**Work order:** The material below is to be copied exactly from the line with "Formica Madera Haya de Saboya" up to and including the line with "Comité van Aanbeveling: Freek", with nothing else kept and no pictures.

**Data for this exercise:**
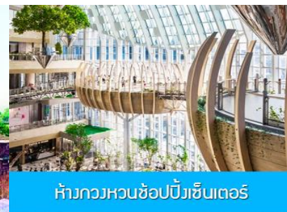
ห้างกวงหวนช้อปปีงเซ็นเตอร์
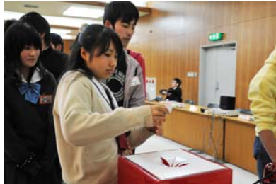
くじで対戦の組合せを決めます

==

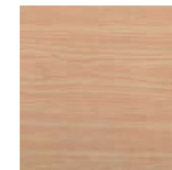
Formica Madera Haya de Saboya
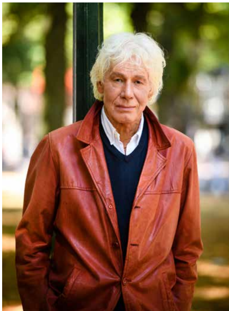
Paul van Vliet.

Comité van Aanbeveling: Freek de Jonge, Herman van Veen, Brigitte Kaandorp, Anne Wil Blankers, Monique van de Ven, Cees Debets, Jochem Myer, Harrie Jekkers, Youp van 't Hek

...

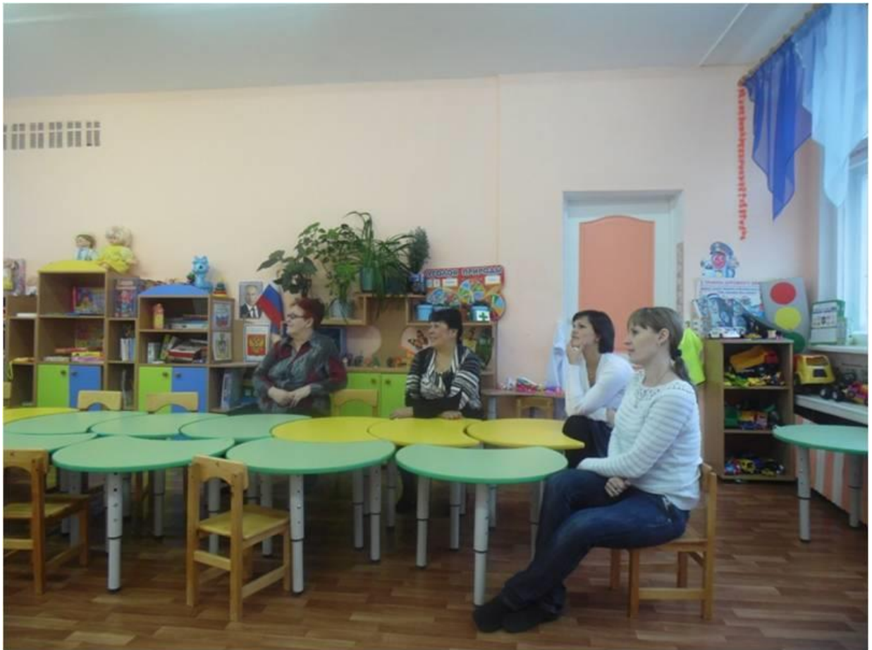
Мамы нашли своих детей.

**Solved exercise:**
Formica Madera Haya de Saboya
Paul van Vliet.

Comité van Aanbeveling: Freek de Jonge, Herman van Veen, Brigitte Kaandorp, Anne Wil Blankers, Monique van de Ven, Cees Debets, Jochem Myer, Harrie Jekkers, Youp van 't Hek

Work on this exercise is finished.